Gordon had been appointed by the Governor of New South Wales, Ralph Darling. He had complained previously that there was no one available to take the role. Darling had offered the position to Gordon at £150 per annum (£50 less per year than her predecessor). Ann, her husband Robert, and their children, were given free fuel and quarters and she became one of the best paid women in the colony. Darling was supportive of Gordon as she endeavoured to introduce smooth management into the factory. There was another riot in 1831 which was the year Darling stood down. Gordon had several assistant matrons and four other staff including a constable, but they were not always co-operative. Under the new governor Richard Bourke the number of women increased at the factory and conditions and behaviour suffered. 1833 saw another riot.

Gordon became well known in the locality. The factory was nicknamed Gordons’ Villa and even Gordon's Nunnery or Seminary.

By 1835 Gordon had supplemented the staff with trusted women convicts who served as midwife and overseers. Gossip grew, that immorality at the factory included her husband Robert Gordon, and that the governor's son, Richard Bourke, was the father of Gordon's grandchildren.

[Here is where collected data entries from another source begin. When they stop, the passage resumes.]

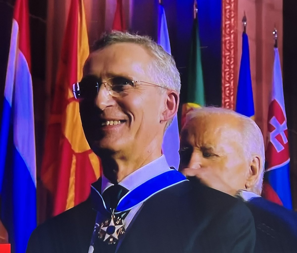 The statement reports on a public event where President Biden awards the Presidential Medal of Freedom to NATO Secretary General Jens Stoltenberg. The tone is neutral and factual, with a slight emphasis on Stoltenberg's emotional reaction. The image supports the statement by showing the moment of the award ceremony.
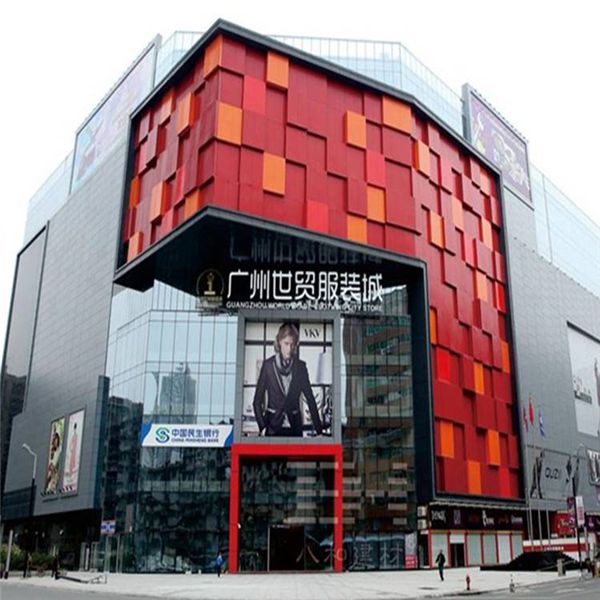 廣州世貿服裝城位于越秀區站南路16號白馬商貿大廈2層,外墻裝飾采用了鋁單板幕墻、外墻氟碳鋁單板、氟碳鋁單板幕墻、紅色外墻鋁單板、橙色鋁單板幕墻、氟碳門頭鋁單板幕墻、銀灰色鋁單板幕墻。
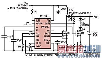 (图一) LTC3783整合MOSFET驱动器,提供高功率给一群聚LED

Robert was dismissed in 1835 and in 1836 Ann Gordon was dismissed, although Bourke said she was not at fault and she received a years salary in compensation. Bourke told his superiors that he had introduced order at the factory. Gordon was replaced by Sarah and Thomas Bell who were the new matron and "the keeper".

Gordon tried to regain her position as a matron, but she was not successful. Robert became a licensee of the "Jolly Sailor" in Parramatta, but according to Ann he never worked for a decade and he spent all the money she gave him. She was a widow in 1863 and she died in 1868 in East Maitland.